Noteworthy was his exclusion of Islam during his talk about Abrahamic faiths.
The cardinal cited three New York Jewish communities he visited last year ("homogeneous in their spiritual and practical choices") as models for how religion can successfully integrate modernity.
"Their fervor and strict observance obviously did not prevent the members of those communities from taking part actively in contemporary culture and modern life, insofar as they considered this compatible with their religious commitment," Cardinal Lustiger said.
"Those Jews have managed to offer an answer to the fundamental question that both Christian and Jewish communities have to face worldwide. This question is how to articulate the history and geography of our communities with the history and geography of modernity.
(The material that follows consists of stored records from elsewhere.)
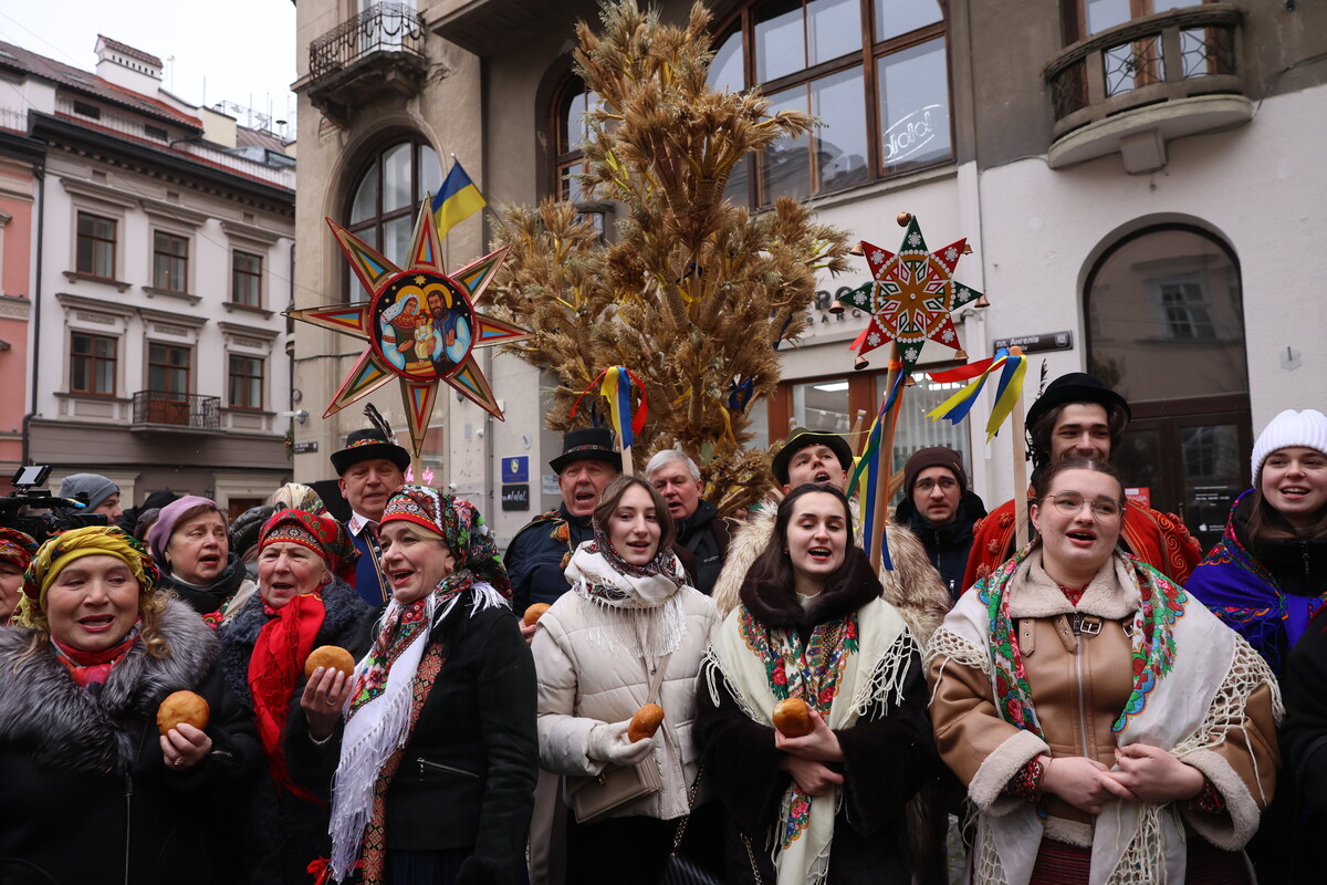 Під час святкової ходи, що розпочалася на площі Ринок, лунали колядки від співочих колективів, а по завершенню містян частували пампухами.
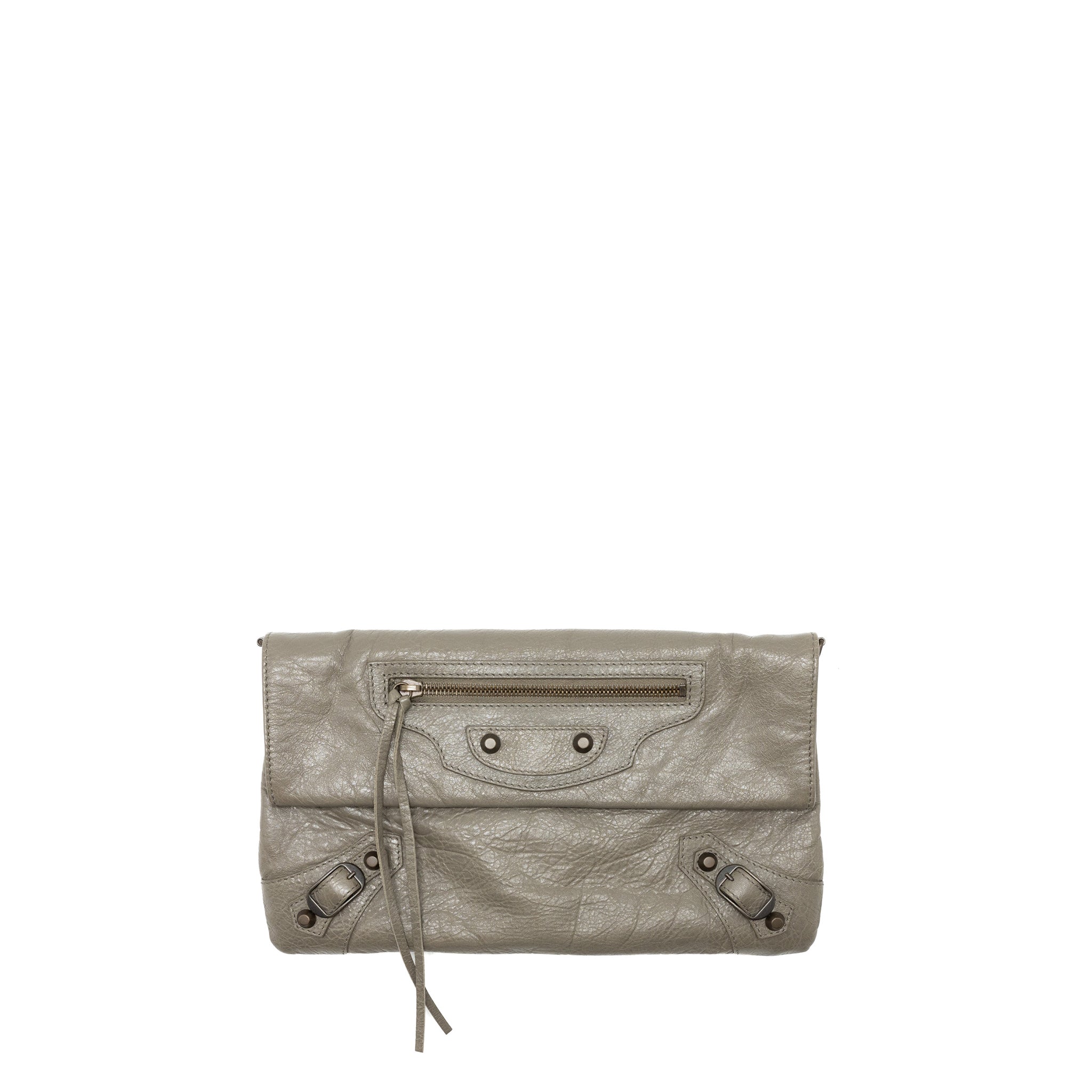 Balenciaga City Fold Clutch/Shoulder Bag Leather Grey Ruthenium Hardware
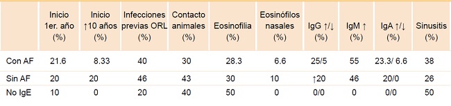 El primer grupo fue el más numeroso, con predisposición alérgica familiar, inicio precoz, la mayoría antes de los 10 años de edad y menor contacto con animales, sin otras diferencias destacadas. Por otra parte, fueron pocos los casos sin elevación de IgE; aunque en nueve existían antecedentes familiares de atopia, la eosinofilia fue superior en los otros grupos, al contrario que con las demás inmunoglobulinas, cuyos valores estuvieron dentro de los valores normales. Por otra parte, en este grupo, la sinupatía fue más frecuente. Además, aunque no se describe en el cuadro, en los tres grupos el ejercicio físico (asma por ejercicio) fue un desencadenante importante. En los tres grupos se observó sensibilización a ácaros del polvo (Dermatophagoides pteronyssinus y Dermatophagoides farinae), presentes especialmente en almohadas ya que se alimentan de la descamación y la caspa. Algunos pacientes también presentaban sensibilización a pólenes u hongos.

Nowhere else perhaps than here in New York has a better answer been experienced."
Asked later by The Jewish Week to which communities he was referring, Cardinal Lustiger said "Yeshiva University, the Jewish Theological Seminary and Lubavitch."
Israel Singer, chairman of the World Jewish Congress, which sponsored the French project, praised the cardinal for participating.
"We are embarking on a mission of friendship," said Singer, also the newly elected chairman of the International Jewish Committee for Interreligious Consultations, the Jewish coalition group designated to dialogue with the Vatican. "This is not to be taken lightly."
As a gift, Singer gave Cardinal Lustiger a replica of a medieval Scroll of Esther and a music box.
As part of the continuing Jewish-Catholic discourse, next month the North American Boards of Rabbis will participate in a two-day dialogue in Paris with the leadership of the European Catholic Church, hosted by Cardinal Lustiger, to address the rise of anti-Semitism in France and throughout Europe.